HBO Documentary Films announced Monday that is has acquired the rights to Michelle McNamara’s true-crime book I’ll Be Gone in the Dark: One Woman’s Obsessive Search for the Golden State Killer, which debuted earlier this year at number one on the New York Times bestseller list. The late wife of Patton Oswalt, McNamara passed away before she could finish her work on the book, which was eventually completed by her lead researcher Paul Haynes, and another close colleague Billy Jenkins.
McNamara herself was obsessed with solving the crime and was said to be close to revealing the serial killer’s identity at the time of her death.
Creator of the popular website TrueCrimeDiary.com, McNamara was determined to find the violent psychopath she dubbed “The Golden State Killer,” who committed 50 home-invasion sexual assaults in Northern California before moving south, where he perpetrated ten murders.
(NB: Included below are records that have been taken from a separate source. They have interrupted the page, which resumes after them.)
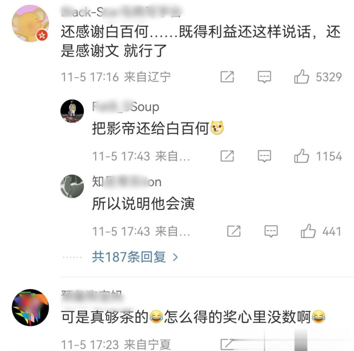 网友们听到王传君的发言表示既得利益还这么说话,茶里茶气的,这是来气白百何的吧?怎么得奖的心里没数吗?
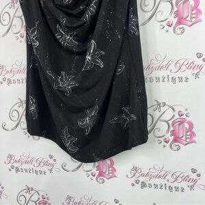 Reitmans tank top sparkly glitter flowers y2k scoop neck Black Floral Tank Top
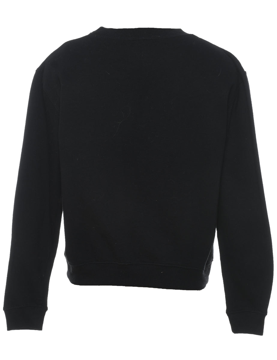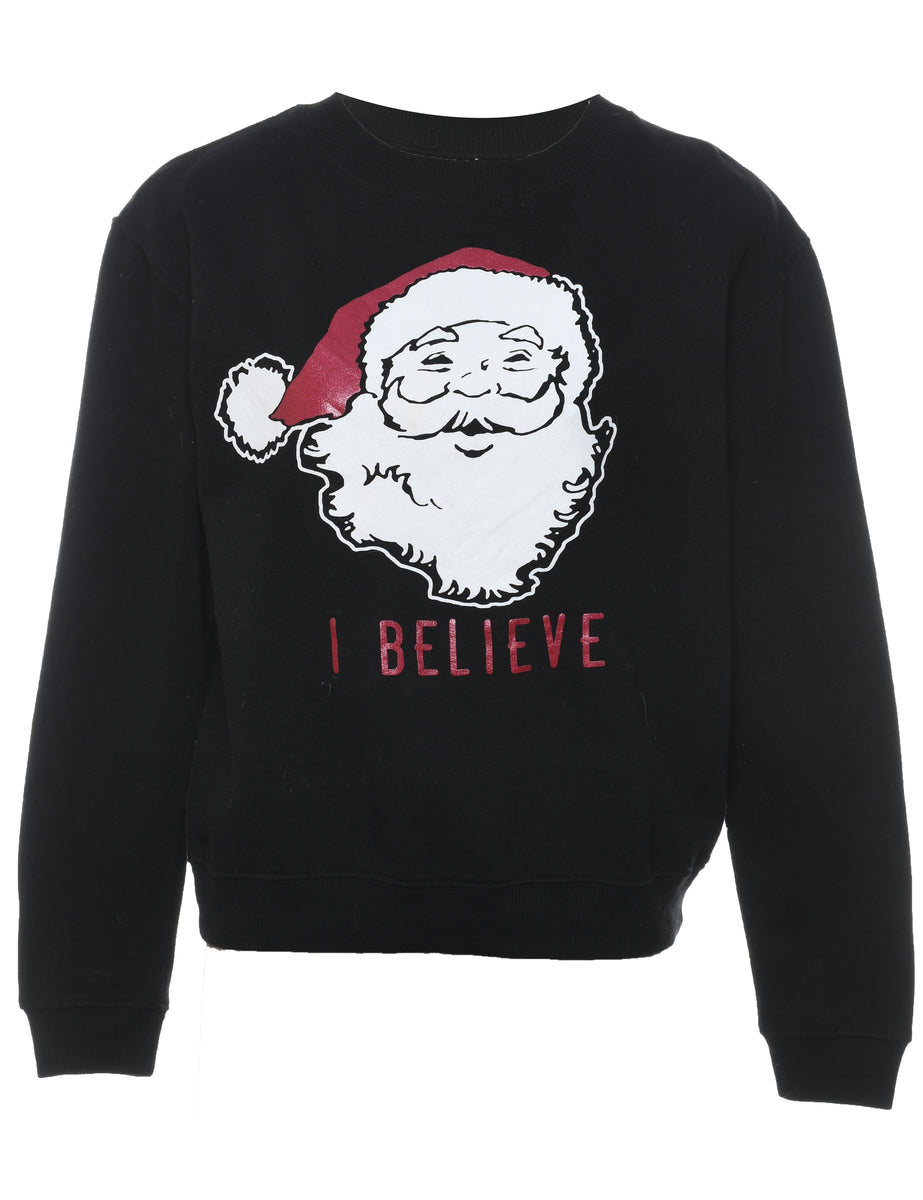 Santa claus christmas sweatshirt comes in black with a ribbed neck.
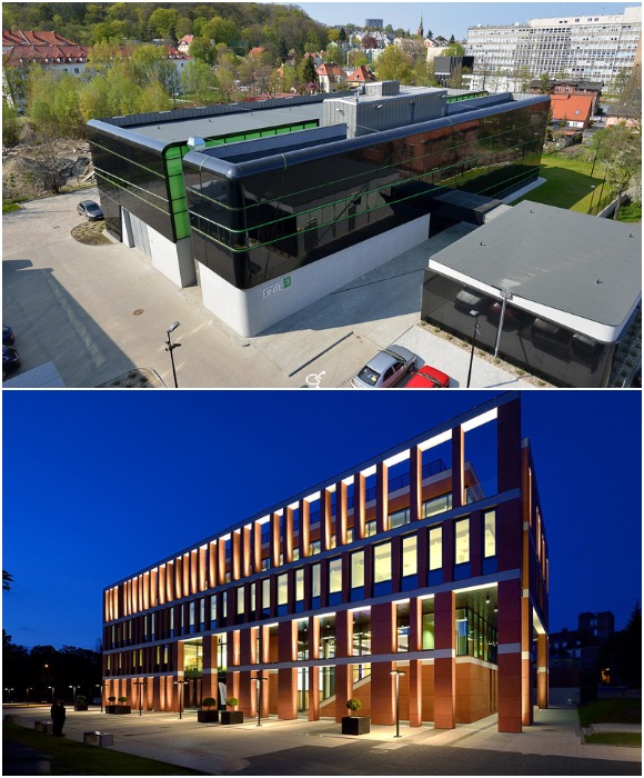 Здания Лаборатории электроэнергетики и возобновляемых источников энергии ЛИНТЕ-2 и Центра нанотехнологий (Gdansk University of Technology, Польша).
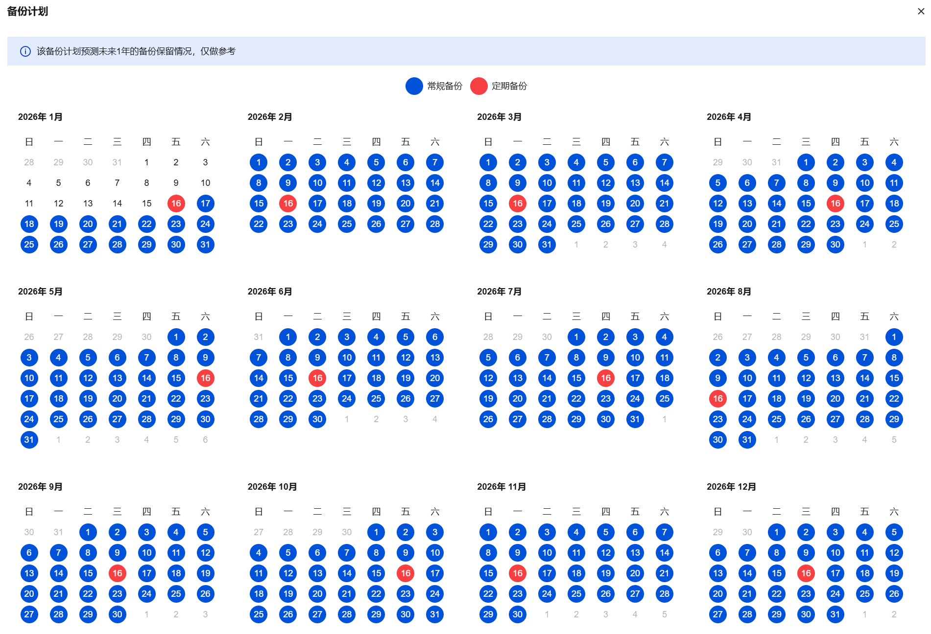 备份计划预览暂时为未来1年的备份保留情况,仅作为参考。

Then he disappeared, eluding multiple police forces and some of the best detectives in the area. Obsessed with the case three decades later, McNamara pored over police reports, interviewed victims and embedded herself in the online communities that were as obsessed with the case as she was. “I’ll Be Gone in the Dark” also explores her own past, including her years growing up in Oak Park, Ill. in a large family, and the reverberations of the unsolved murder that haunted her youth.
Oswalt, who wrote the afterword to the book and was his wife’s biggest fan, said of the news, “HBO taking on this story will advance the passionate pursuit that Michelle shared with dozens of men and women in law enforcement — to solve the mystery of one of California’s most notorious serial killers.”